Wednesday, April 30, 2008

A Trip to Animal Farm, Part 2

I saw no one and wondered if I had missed a sign. Coming to a fork in the road, I paused, perplexed. Which way?

"Mom?" I heard Emma call. I now knew which way to go--toward my daughter's voice. I took the road more traveled, and that made all the difference. Reunited with her, the wind felt less cold. We studied a flower and waited for Nathaniel.

Soon he appeared, grinning and rubbing his arms. "I'm freezing!" he complained, still rubbing his arms in a futile attempt to free them from the wind's chilling embrace.

"Have y'all seen anyone?" I asked.

"No," they answered together.

We walked three abreast, following our "yellow brick road" and hoping to soon stumble upon "Oz," the Animal Farm Learning Center, where, according to our flyer, we would meet a guide who would take us on an "open house" tour which would reveal to us the secrets of sustainable living.

A faded sign directed us to turn left for the Learning Center. We trudged along, wondering aloud if we would find lots of people there. Just when we had decided that we had missed a turn, we spotted two structures ahead on our left. One elderly couple investigated the site. A Hindu statue protected the entry to the second building, lending it an air of being an ancient ruin. The thatched roof and plastered walls contributed to this feeling. We determined that the second building had to be the Learning Center, since the first was more of a pavilion. We entered the second building.

Woven mats covered the floor of what appeared to be a yoga center. Great expanses of jalousie windows soared to the rafters on one side. Small windows, low to the floor on the opposite side of the jalousied ones, lent a cozy feel. There were no exhibits, no slideshows, just a few bamboo chairs and a built-in window seat. "Maybe this is a Hindu chapel, instead of the Learning Center," I said to Nathaniel and Emma.

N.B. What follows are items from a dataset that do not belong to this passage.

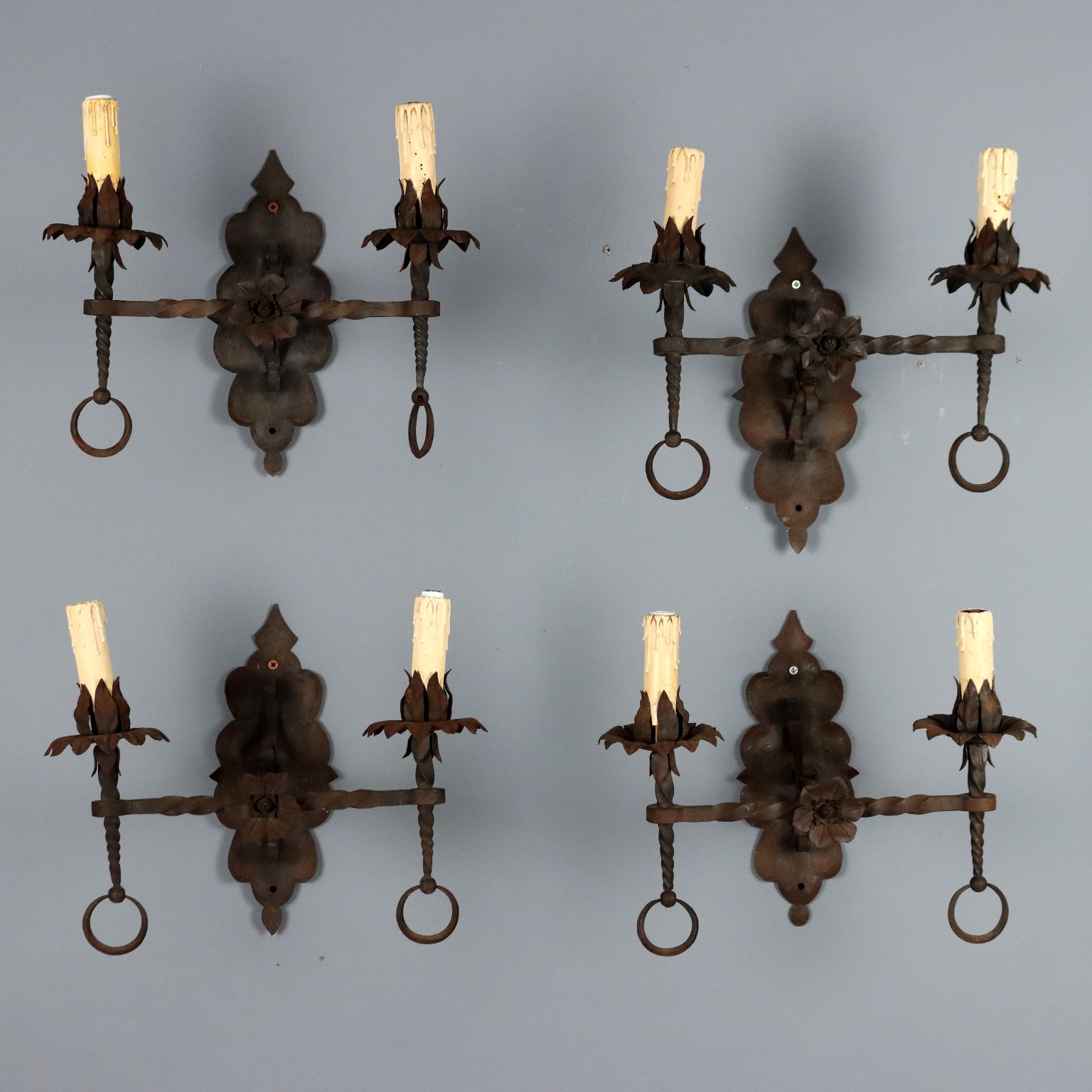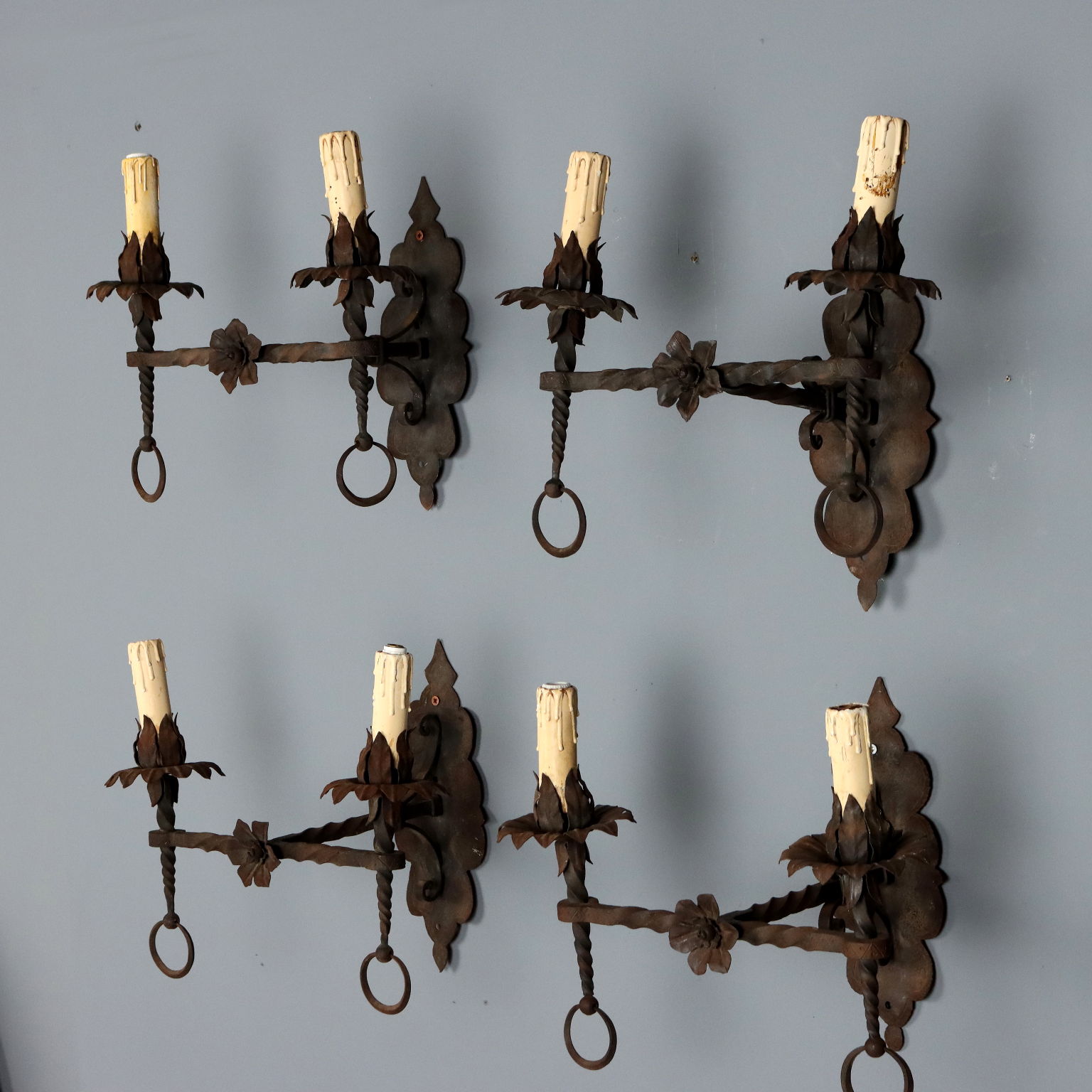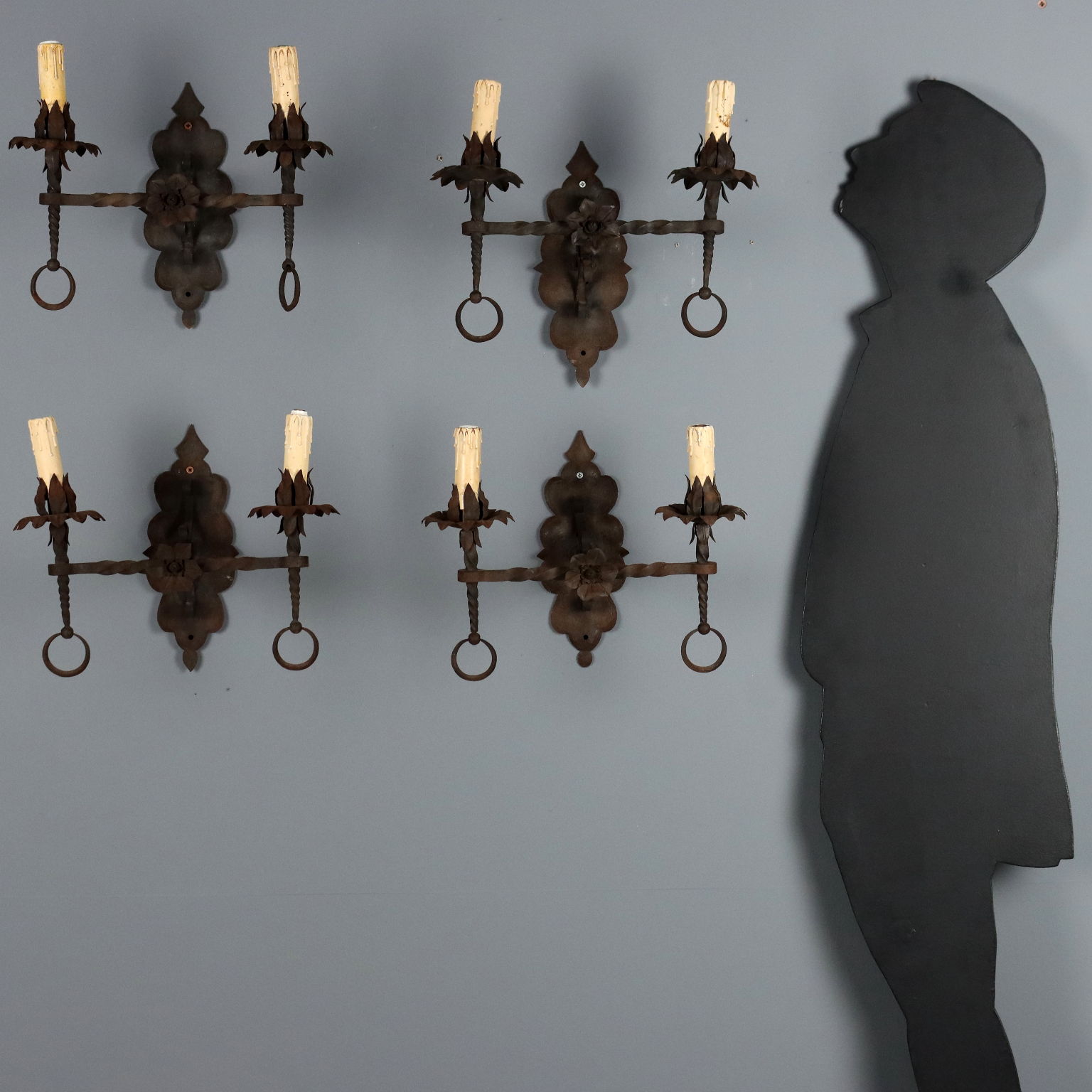 Set of four Neo-Renaissance style torch-shaped wall sconces. Crafted in wrought iron with curls, leaves, and flowers, and stamped with a punch. Two lights supported by horizontal arms. They use two E14 bulbs. Italy, late 19th century.
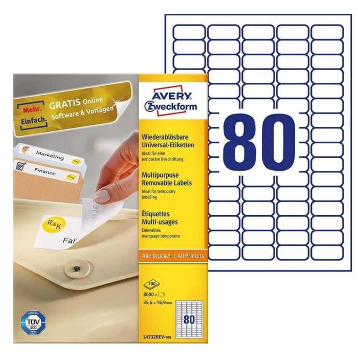 Planche de petites étiquettes adhésives repositionnables 35,6 x 16,9 mm d'AVERY pour marquer et identifier les objets et produits. Grand paquet. Fiche n° L4732REV-100
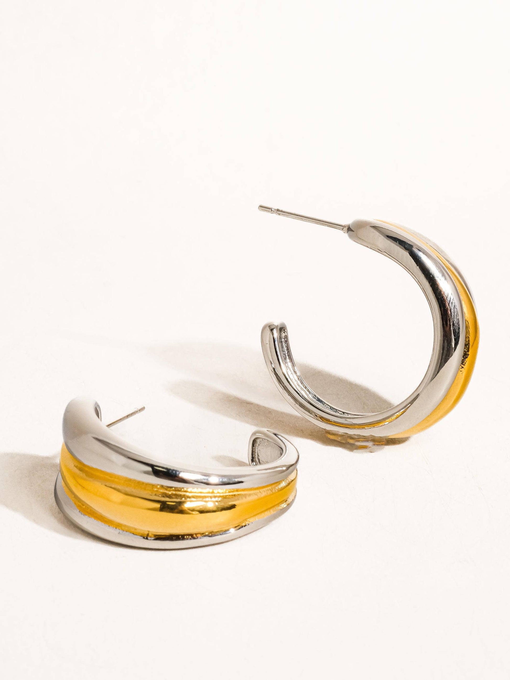 18K Non-Tarnish Multi C Hoop Earring 18K Gold Plating Stainless Steel

Exiting the "chapel", I approached the elderly couple and asked if they knew if we were at the Learning Center and if they knew when anyone would meet us there for the tour. They didn't know any more than we did but seemed content to explore the pavilion and listen to bird calls.

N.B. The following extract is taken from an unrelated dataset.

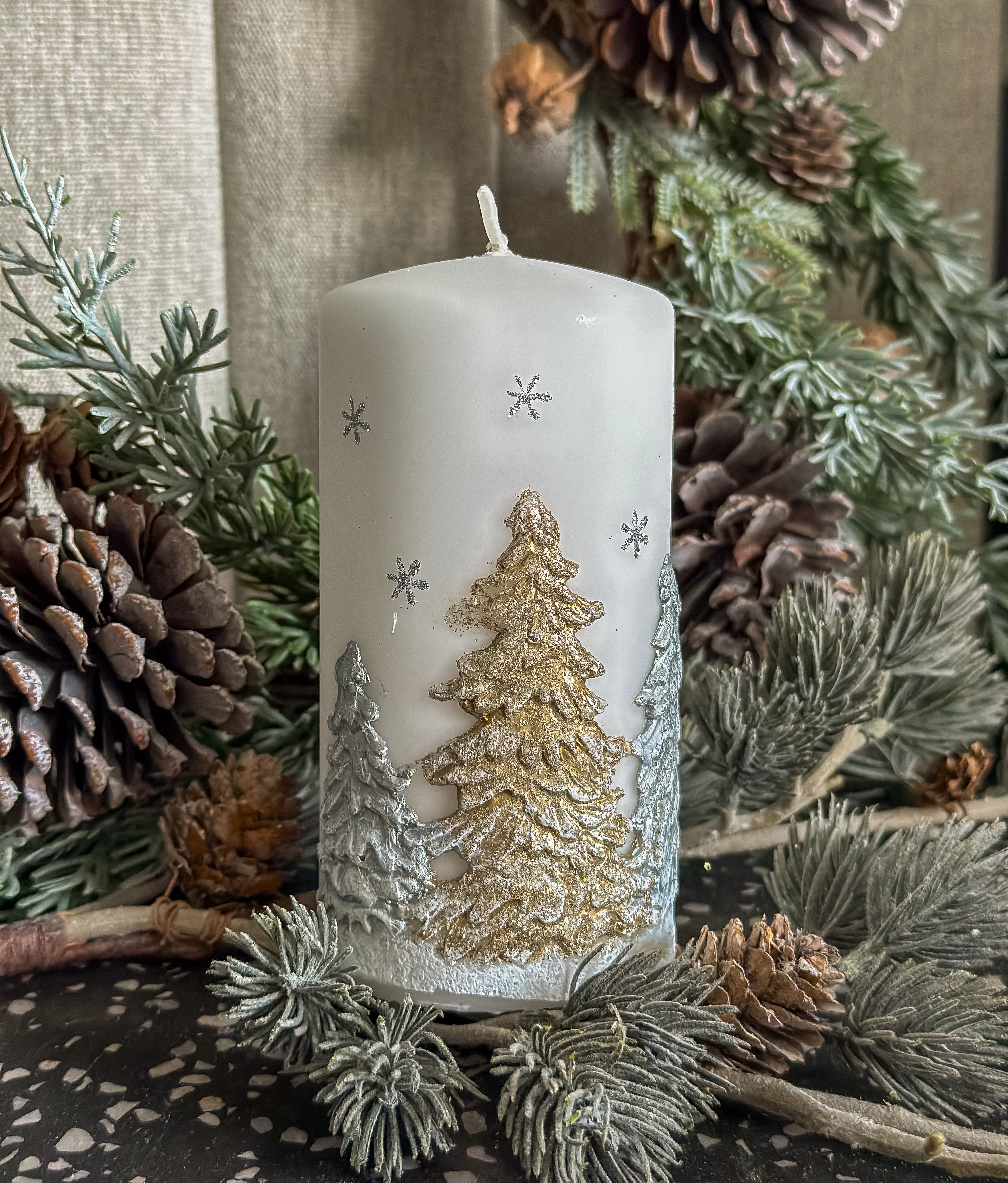 GLIMORIA to elegancka świeca ozdobna z trójwymiarowym motywem świerków pokrytych brokatem w kolorach złota i srebra. Idealna do świątecznych aranżacji, stroików czy prezentowych zestawów. Wykonana z wysokiej jakości parafiny, pali się stabilnym płomieniem, wprowadzając ciepło i magiczny klimat do każdego wnętrza.

While I visited with the birdwatching couple, Emma discovered a cottage-style flower garden behind the pavilion. Delighted by the number and variety of blooms, she called for me to "come see."

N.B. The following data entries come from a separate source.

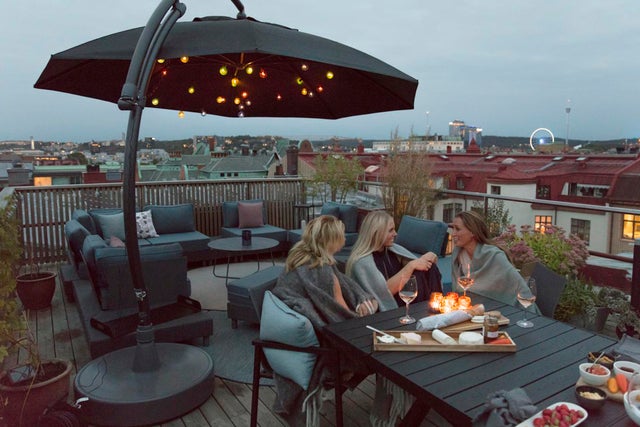 Easy sun er en enorm fritthengende parasoll med en diameter på 3,75 m. Rammen er laget av aluminium og kalesjen er laget av slitesterk olefin med vindskjerm. Foldes enkelt opp og ned ved hjelp av en sveiv. Basen er fylt med sand og/eller vann for stabilitet.
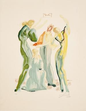 Scène mystique, lithographie en couleurs, signée, épreuve d'arti...
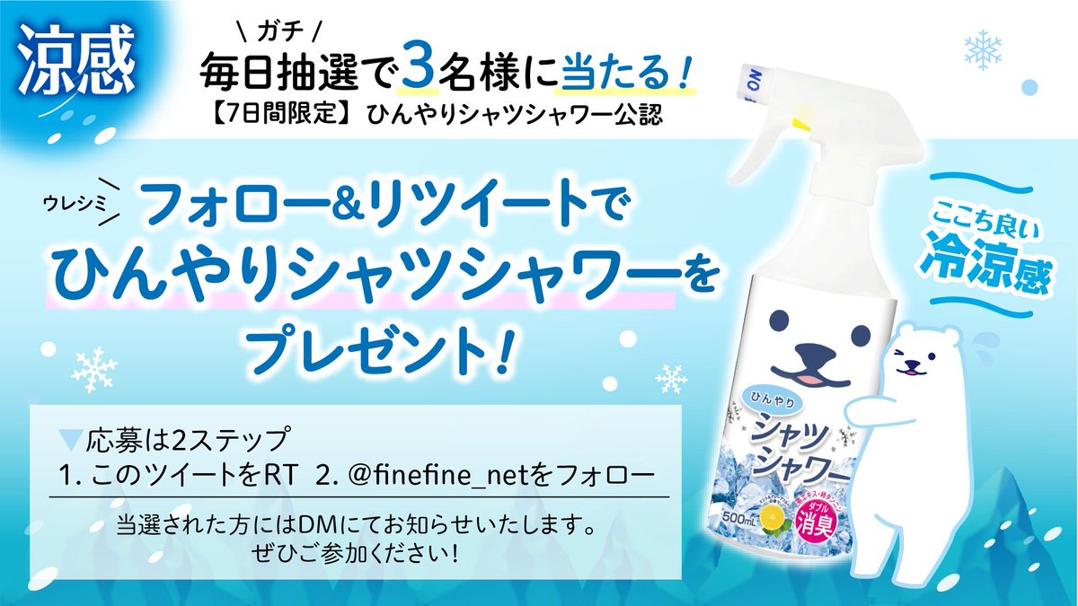 フォロー&リツイートでひんやりシャツシャワーをプレゼント🏆

Nathaniel, intrigued, studied the rustic, freeform pavilion walls, which were shaped to fit the tree branch that functioned as the walls' capstone.

It was now after 3:30. We had left home at 7:45 that morning. Feeling suddenly weary, I stepped inside the pavilion and gratefully sat down at a table. "How lovely it would be if someone appeared with a loaded tea cart," I thought. Looking up, the sun shone on us through a peephole in the intricately-designed ceiling. There was no rubber stamping, no "spec" building here.

The sound of a car engine disturbed my reverie, and I looked toward the road to see someone in a white compact car talking to the elderly couple. "How odd that someone would get lost out here," I thought, assuming that they were asking for directions.